We came up with our WorldBook designs that take touch to a whole new level, integrate iPhone functions so the laptop is also a great communication station take advantage of renewable solar power and rethink the display technologies. Plus we rethought the case design to make it more durable and reconsidered what a docking station should be.

You can take a Flash tour of our two WorldBook models and even price them out along with their options. Now, if only someone would build them! (We were pleased to see that Apple's newest notebooks take up one of our ideas: the use of DisplayPort video connectors.) We also explored how to make our perfect laptop greener.
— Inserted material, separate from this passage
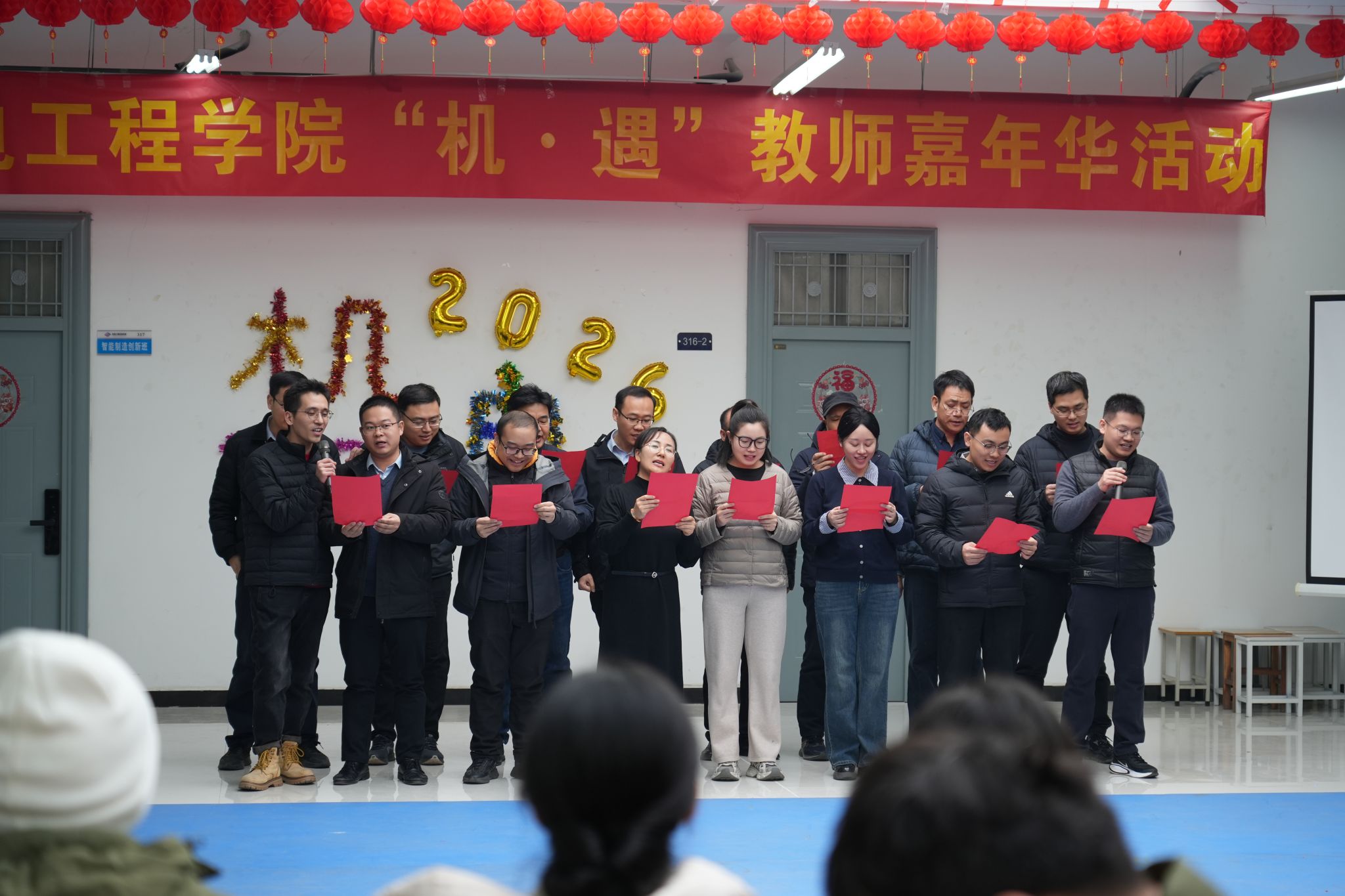 为迎接2026年元旦佳节,进一步丰富教职工文化生活、提升学院凝聚力,低调看直播 1230日在机械工程创新实验中心三楼大厅举办“机·遇”教师嘉年华活动。学院领导班子与全体教师欢聚一堂,共庆新年。

But we didn't stop there. We asked our readers to add their ideas to the table. And we got some really interesting suggestions. We learned that features we excluded for being too expensive or impractical might have enough market appeal to justify another crack at doing them affordably.
Modularity was a popular theme among our readers' submissions. More than one reader wanted a removable keyboard a removable screen a detachable camera and microphone removable wireless speakers and a removable disk drive that could be easily slipped out of the laptop and into a desktop computer.

Now that we and our readers have put a compelling design and ideas on the table, it's time for the PC makers to take up the challenge. Will it be Apple, Hewlett-Packard, Lenovo, Dell, Toshiba ...? If we're lucky, we'll all find out in 2009.